BEGIN Source data

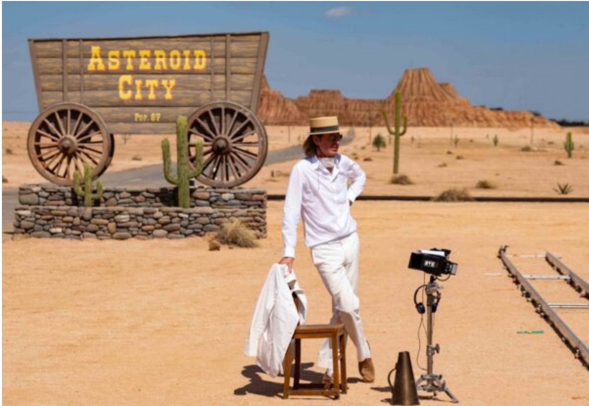
Wes Anderson on set of ASTEROID CITY

As a film critic, I appreciate Wes Anderson's work, and wrote an article about his latest movie, Asteroid City , for the Italian film monthly Best Movie.
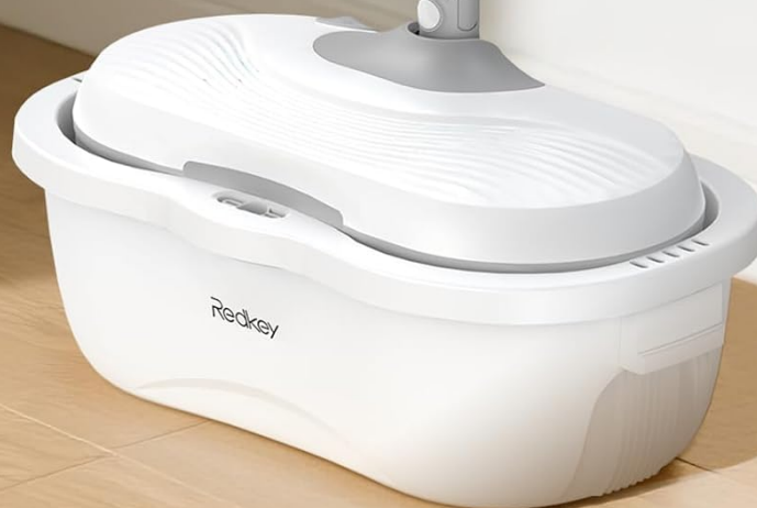
Figure 1.2: Overview of Redkey M1 key features.

END Source data

> What you will do: Retype each line above precisely, please. Skip anything that is a picture.

> Output of the exercise:
Wes Anderson on set of ASTEROID CITY

As a film critic, I appreciate Wes Anderson's work, and wrote an article about his latest movie, Asteroid City , for the Italian film monthly Best Movie.
Figure 1.2: Overview of Redkey M1 key features.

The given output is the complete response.